ROADTRIPS: case-control association testing with partially or completely unknown population and pedigree structure.

机构信息

Department of Biostatistics, University of Washington, Seattle, WA 98195, USA.

出版信息

Am J Hum Genet. 2010 Feb 12;86(2):172-84. doi: 10.1016/j.ajhg.2010.01.001. Epub 2010 Feb 4.

Abstract

Genome-wide association studies are routinely conducted to identify genetic variants that influence complex disorders. It is well known that failure to properly account for population or pedigree structure can lead to spurious association as well as reduced power. We propose a method, ROADTRIPS, for case-control association testing in samples with partially or completely unknown population and pedigree structure. ROADTRIPS uses a covariance matrix estimated from genome-screen data to correct for unknown population and pedigree structure while maintaining high power by taking advantage of known pedigree information when it is available. ROADTRIPS can incorporate data on arbitrary combinations of related and unrelated individuals and is computationally feasible for the analysis of genetic studies with millions of markers. In simulations with related individuals and population structure, including admixture, we demonstrate that ROADTRIPS provides a substantial improvement over existing methods in terms of power and type 1 error. The ROADTRIPS method can be used across a variety of study designs, ranging from studies that have a combination of unrelated individuals and small pedigrees to studies of isolated founder populations with partially known or completely unknown pedigrees. We apply the method to analyze two data sets: a study of rheumatoid arthritis in small UK pedigrees, from Genetic Analysis Workshop 15, and data from the Collaborative Study of the Genetics of Alcoholism on alcohol dependence in a sample of moderate-size pedigrees of European descent, from Genetic Analysis Workshop 14. We detect genome-wide significant association, after Bonferroni correction, in both studies.

摘要

全基因组关联研究通常用于识别影响复杂疾病的遗传变异。众所周知,如果不能正确考虑人口或家系结构,可能会导致虚假关联以及降低效力。我们提出了一种方法 ROADTRIPS,用于在部分或完全未知人口和家系结构的样本中进行病例对照关联测试。ROADTRIPS 使用从全基因组筛查数据中估计的协方差矩阵来纠正未知的人口和家系结构,同时在可用时利用已知的家系信息来保持高功效。
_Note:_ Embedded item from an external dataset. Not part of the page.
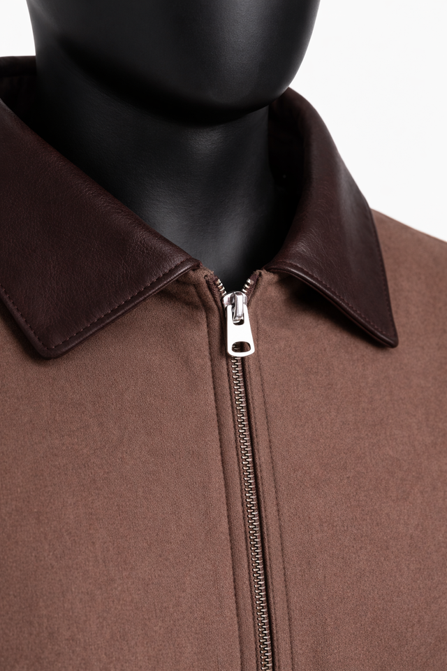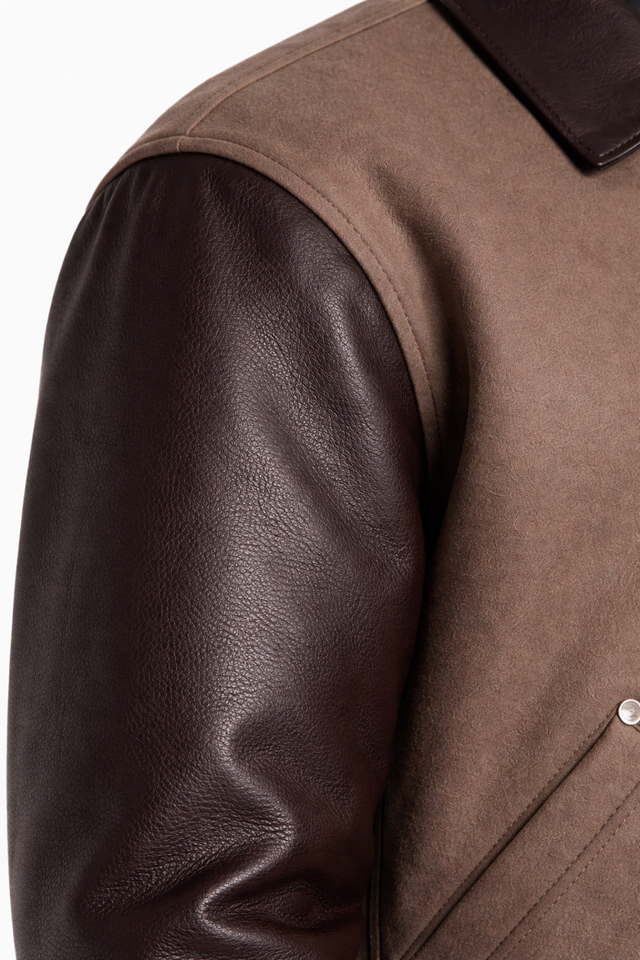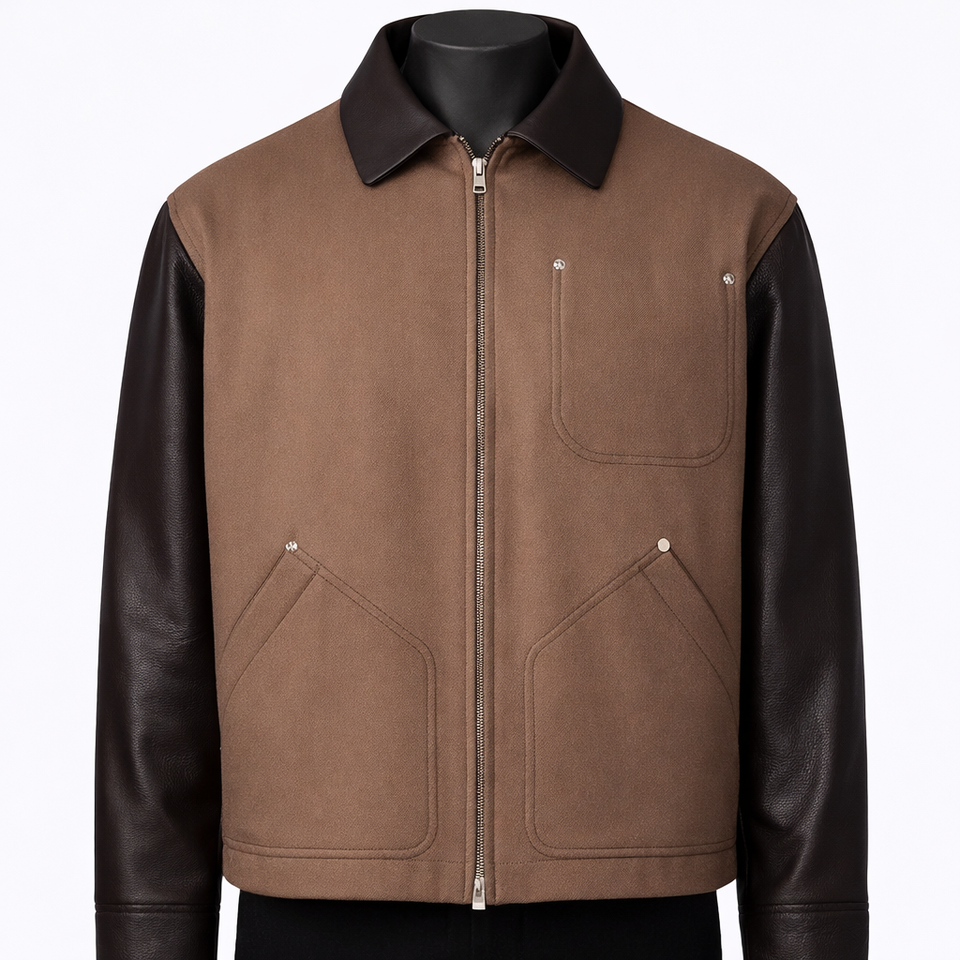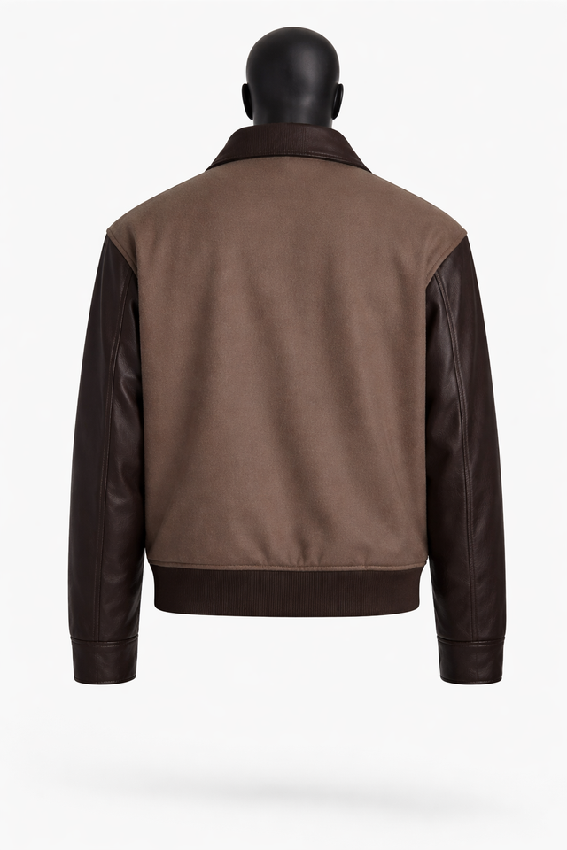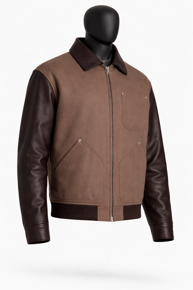 เสื้อแจ็คเก็ตบอมเบอร์ผ้าวูลผสมสองสี แขนหนังเทียม สไตล์ลำลอง ซิปหน้า เสื้อคลุมแนวสตรีท

ROADTRIPS 可以合并任意组合的相关和无关个体的数据,并且对于分析具有数百万个标记的遗传研究来说,计算上是可行的。在包括混合在内的具有相关个体和人口结构的模拟中,我们证明 ROADTRIPS 在功效和第一类错误方面与现有方法相比有了很大的改进。ROADTRIPS 方法可以用于各种研究设计,从具有无关个体和小家族的研究到具有部分已知或完全未知家族的孤立创始人群体的研究。我们将该方法应用于分析两个数据集:一个是在英国小家族中进行的类风湿关节炎研究,来自遗传分析研讨会 15,另一个是来自酒精依赖遗传分析合作研究的数据集,在具有欧洲血统的中等规模家族中进行,来自遗传分析研讨会 14。在两项研究中,我们都检测到了全基因组显著关联,经过 Bonferroni 校正。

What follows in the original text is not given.